The present study demonstrates significant differences in clinical and ocular characteristics between NTG patients stratified according to the LCCI. To our knowledge, this is the first study to relate clinical and ocular characteristics with LC morphology among NTG patients.

The LC morphology was evaluated using LCCI. Previous experimental studies demonstrated that the LC deforms as a posterior bowing pattern when the IOP was elevated8,9. Recently, our group demonstrated that LC became less curved after IOP lowering surgery11. These findings indicate that the LC curvature is sensitive to the translaminar stress. More recently, our group also demonstrated the LCCI had a capability comparable to the known nerve fiber layer thickness measurement to discriminate glaucoma from healthy eyes12. This finding suggests that the LCCI is a valid parameter that characterizes glaucoma-associated LC deformity.

The LCCI was measured at three B-scans. This is based on our observation that the LC curvature is strongly correlated each other within the superior and inferior hemioptic nerve, respectively (Supplementary Video S1)11,12. Measuring the LCCI at more planes may be helpful to understand the LC morphology more comprehensively. However, analyzing more planes may have limitations. First, it is difficult to lend the method to the clinical adoption. Analyzing the 3 planes may allow the simple and intuitive assessment of the LC morphology. Second, the superior and inferior midperiphery are the most preferentially damaged areas in glaucoma. If more planes are evaluated and averaged, it may alleviate the assessment of LC bowing.

The patients in Group 2 had lower IOP than those in Group 1. Considering that the IOP is an important component of the translaminar pressure gradient, this finding is to be expected. However, there was a large overlap in IOP between Group 1 and Group 2. This finding is in line with the notion that the connective tissue mechanics within the ONH is not simply governed by the IOP per se but a complex of diverse factors, which may include ocular geometry, material properties, laminar and scleral stiffness or distensibility, and translaminar pressure differential5,8. This matter highlights that the ONH damage is attributed to IOP related stress in some NTG patients despite having a statistically normal range of IOP, while non-IOP related factors play a predominant or significant role in addition to IOP related stress in other patients.

The subjects in Group 2 were significantly older than those in Group 1. An influence of age on stiffness of the lamina cribrosa has been demonstrated in several previous studies1315. Collagen type I, III, IV within the cribriform plates increases with age14,16. Such alterations may form the biochemical basis for a stiffer property of LC with age. There is a possibility that a stiffer LC with age could serve as a protective mechanism against IOP-induced stress. Based on this consideration, it may be proposed that NTG which develops in old age is relatively more strongly associated with factors other than mechanical stress/strain.

The JPCT was significantly smaller in Group 2. The parapapillary choroid is a vascular layer that lies immediately adjacent to the optic nerve.
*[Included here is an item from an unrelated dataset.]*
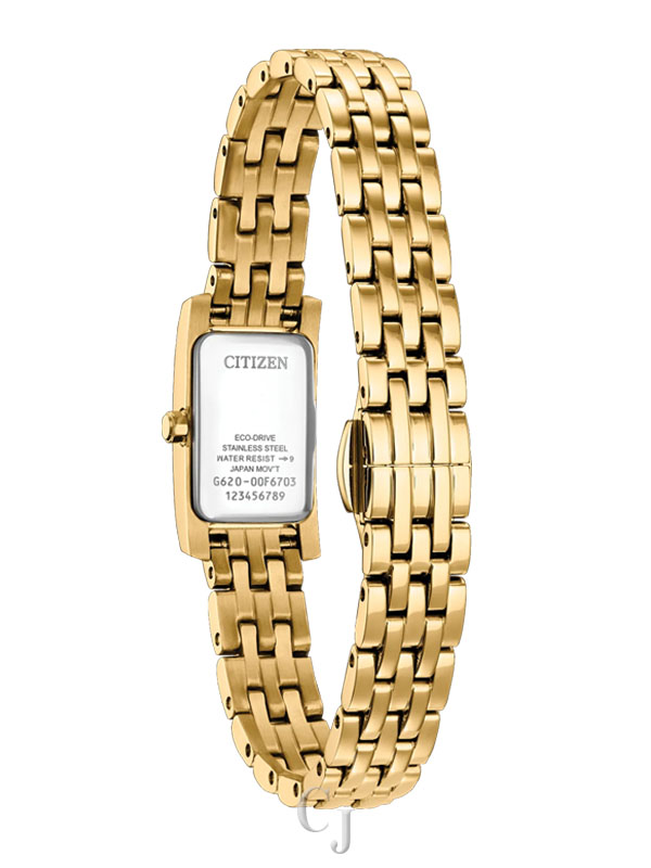 The white mother-of-pearl dial is as much an exercise in sophisticated art deco as the case, with stylized indices in black being framed in creative fashion while shortened hour and minute hands indicate the time. Sustainably powered by any light with our proprietary Eco-Drive technology that never needs a battery, this elegant ladies’ watch is the perfect addition to any look. Caliber G620.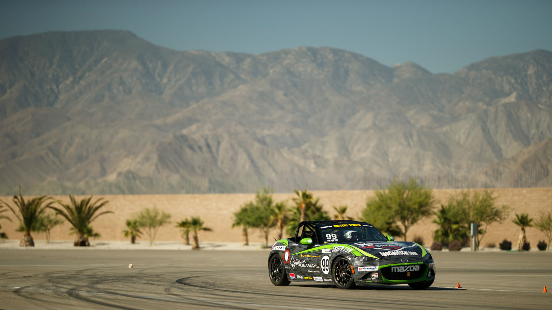 In preparation for his test in a real Global MX-5 Cup car, Clampitt was loaned a Mazda MX-5 RF for a week so he could practice driving with a manual transmission, something he’d never done until then. Afterward, he met with former Mazda prototype driver Joel Miller at Thermal Motorsports Park in California to get behind the wheel.

Since the choroid may be related with the perfusion to the optic nerve, the small JPCT may implicate that the role of vascular factors is relatively greater in eyes with thin choroid. Therefore, the association of thin choroid in Group 2 suggests that optic nerve damage is relatively more attributable to vascular compromise than in Group 1.

Lower perfusion pressure has been a focus of interest as a potential vascular factor for glaucoma. The association of low blood pressure and low perfusion pressure with Group 2 is another finding that implicates that the role of vascular factors is relatively greater in these eyes than in those in Group 1. The difference of clinical characteristics between groups may be ascribed to age difference between groups. However, SBP is known to increase with age17. Thus, the lower BP in Group 2 cannot be attributable to age effect.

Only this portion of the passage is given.